What this task involves –
Wherever the line with "MochiMochi izmanto revolucionāru" sits in the listing below, transcribe from it up to and including the line with "The ICF offers", exactly, and leave the remaining lines out.

Dataset excerpts –
▬▬▬

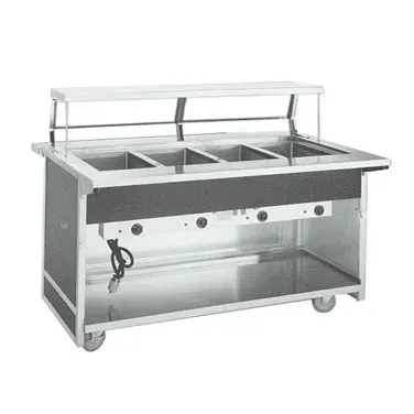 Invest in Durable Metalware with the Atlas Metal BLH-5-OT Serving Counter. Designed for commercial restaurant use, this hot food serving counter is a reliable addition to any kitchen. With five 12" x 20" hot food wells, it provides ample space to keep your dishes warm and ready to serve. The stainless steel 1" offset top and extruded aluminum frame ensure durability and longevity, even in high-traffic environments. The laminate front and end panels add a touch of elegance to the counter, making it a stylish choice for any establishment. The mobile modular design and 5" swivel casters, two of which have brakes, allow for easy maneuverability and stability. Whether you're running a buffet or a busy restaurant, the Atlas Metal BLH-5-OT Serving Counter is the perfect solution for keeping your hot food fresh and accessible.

▬▬▬

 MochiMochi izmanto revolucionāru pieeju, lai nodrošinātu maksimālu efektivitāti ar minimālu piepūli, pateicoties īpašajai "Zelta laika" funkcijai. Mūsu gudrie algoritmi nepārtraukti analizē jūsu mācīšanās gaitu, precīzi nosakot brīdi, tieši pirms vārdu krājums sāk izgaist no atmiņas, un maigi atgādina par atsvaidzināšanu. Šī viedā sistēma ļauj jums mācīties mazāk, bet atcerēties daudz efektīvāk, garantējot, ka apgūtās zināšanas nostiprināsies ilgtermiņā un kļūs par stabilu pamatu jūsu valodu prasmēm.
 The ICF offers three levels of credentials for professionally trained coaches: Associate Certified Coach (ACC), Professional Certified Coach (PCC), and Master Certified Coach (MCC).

▬▬▬

Finished task –
 MochiMochi izmanto revolucionāru pieeju, lai nodrošinātu maksimālu efektivitāti ar minimālu piepūli, pateicoties īpašajai "Zelta laika" funkcijai. Mūsu gudrie algoritmi nepārtraukti analizē jūsu mācīšanās gaitu, precīzi nosakot brīdi, tieši pirms vārdu krājums sāk izgaist no atmiņas, un maigi atgādina par atsvaidzināšanu. Šī viedā sistēma ļauj jums mācīties mazāk, bet atcerēties daudz efektīvāk, garantējot, ka apgūtās zināšanas nostiprināsies ilgtermiņā un kļūs par stabilu pamatu jūsu valodu prasmēm.
 The ICF offers three levels of credentials for professionally trained coaches: Associate Certified Coach (ACC), Professional Certified Coach (PCC), and Master Certified Coach (MCC).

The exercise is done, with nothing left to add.